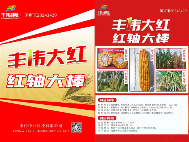 丰伟大红,是一款红轴大棒型玉米品种,颜值高,卖点多。该产品棒大穗长行数多,籽粒宽大金黄、品质优良。加上脱水较快,卖棒卖粒皆宜,效益转化用途更广,更满足种地大户粮食储存的需求。而且机收不掉粒,丰伟大红,籽粒排列整齐、紧密,苞叶在玉米成熟后自动蓬松,有利于脱水和机器的采摘,在一定程度上保证了玉米的产量。
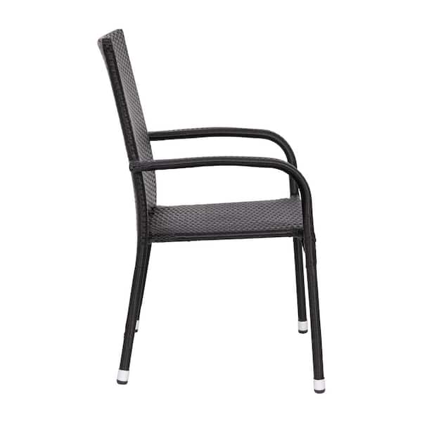 Black Wicker/Rattan Outdoor Dining Chair in Black (Set of 2)
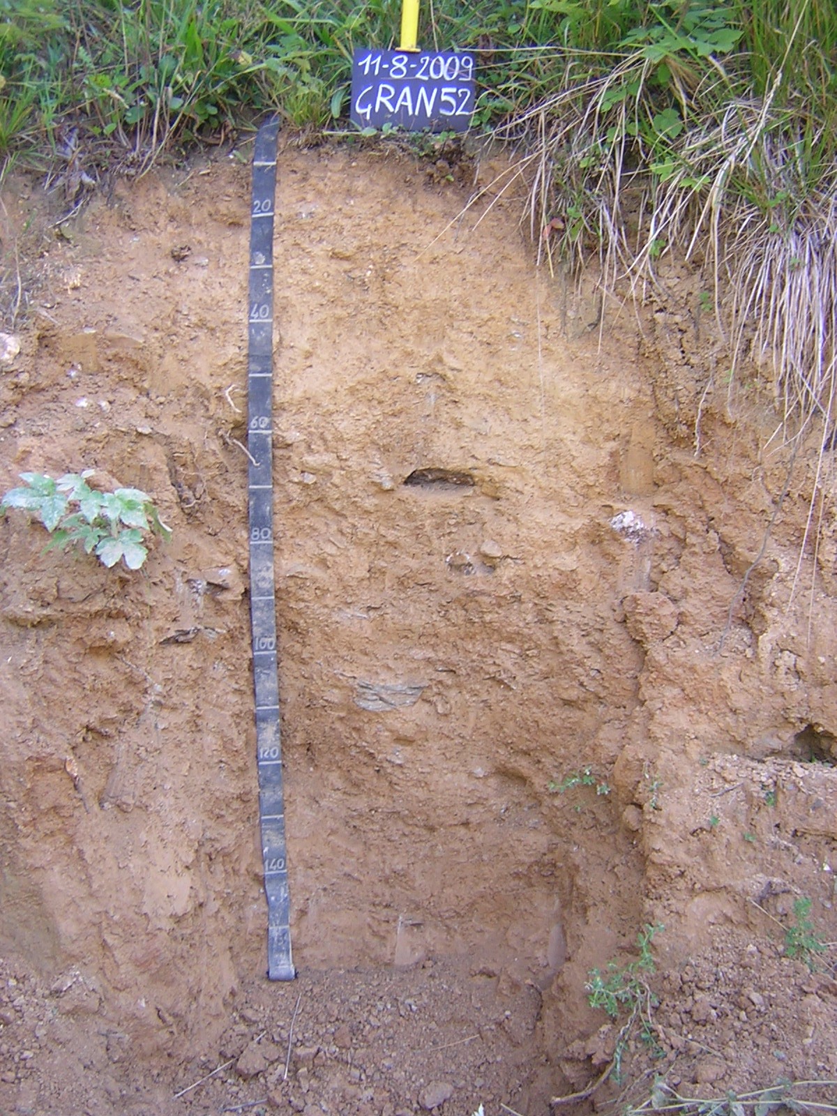 Orizzonte E : 10 - 40 cm; umido; colore giallo brunastro (10YR 6/6); colore subordinato bruno giallastro chiaro (2,5Y 6/4); tipo colore ossidato; tessitura franco limosa; scheletro 37 % , di forma irregolare con diametro medio di 20 mm e diametro massimo di 40 mm, leggermente alterato; struttura poliedrica angolare fine di grado moderato; radici 10/dmq, con dimensioni medie di 1 mm e dimensioni massime di 1 mm, orientamento obliquo; radicabilità 60 % ; resistenza: moderatamente resistente; cementazione molto debole; moderatamente adesivo; moderatamente plastico; non calcareo; limite inferiore chiaro.
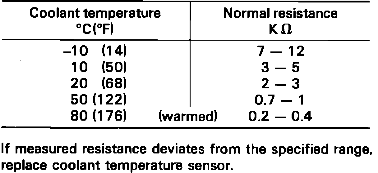 1. Disconnect sensor harness at connector and measure the resistance across the sensor terminals, Fig. 219.
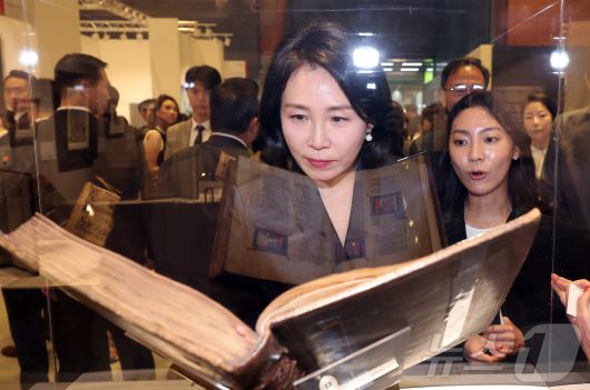 이재명 대통령의 부인 김혜경 여사가 3일 서울 강남구 코엑스에서 열린 '프리즈 서울 2025' VIP 프리뷰 데이를 찾아 작품들을 관람하고 있다. (공동취재) 2025.9.3/뉴스1 ⓒ News1 김성진 기자 |

## [Action item]
Copy the listing above verbatim, leaving out pictures.

## [Response area]
 丰伟大红,是一款红轴大棒型玉米品种,颜值高,卖点多。该产品棒大穗长行数多,籽粒宽大金黄、品质优良。加上脱水较快,卖棒卖粒皆宜,效益转化用途更广,更满足种地大户粮食储存的需求。而且机收不掉粒,丰伟大红,籽粒排列整齐、紧密,苞叶在玉米成熟后自动蓬松,有利于脱水和机器的采摘,在一定程度上保证了玉米的产量。
 Black Wicker/Rattan Outdoor Dining Chair in Black (Set of 2)
 Orizzonte E : 10 - 40 cm; umido; colore giallo brunastro (10YR 6/6); colore subordinato bruno giallastro chiaro (2,5Y 6/4); tipo colore ossidato; tessitura franco limosa; scheletro 37 % , di forma irregolare con diametro medio di 20 mm e diametro massimo di 40 mm, leggermente alterato; struttura poliedrica angolare fine di grado moderato; radici 10/dmq, con dimensioni medie di 1 mm e dimensioni massime di 1 mm, orientamento obliquo; radicabilità 60 % ; resistenza: moderatamente resistente; cementazione molto debole; moderatamente adesivo; moderatamente plastico; non calcareo; limite inferiore chiaro.
 1. Disconnect sensor harness at connector and measure the resistance across the sensor terminals, Fig. 219.
 이재명 대통령의 부인 김혜경 여사가 3일 서울 강남구 코엑스에서 열린 '프리즈 서울 2025' VIP 프리뷰 데이를 찾아 작품들을 관람하고 있다. (공동취재) 2025.9.3/뉴스1 ⓒ News1 김성진 기자 |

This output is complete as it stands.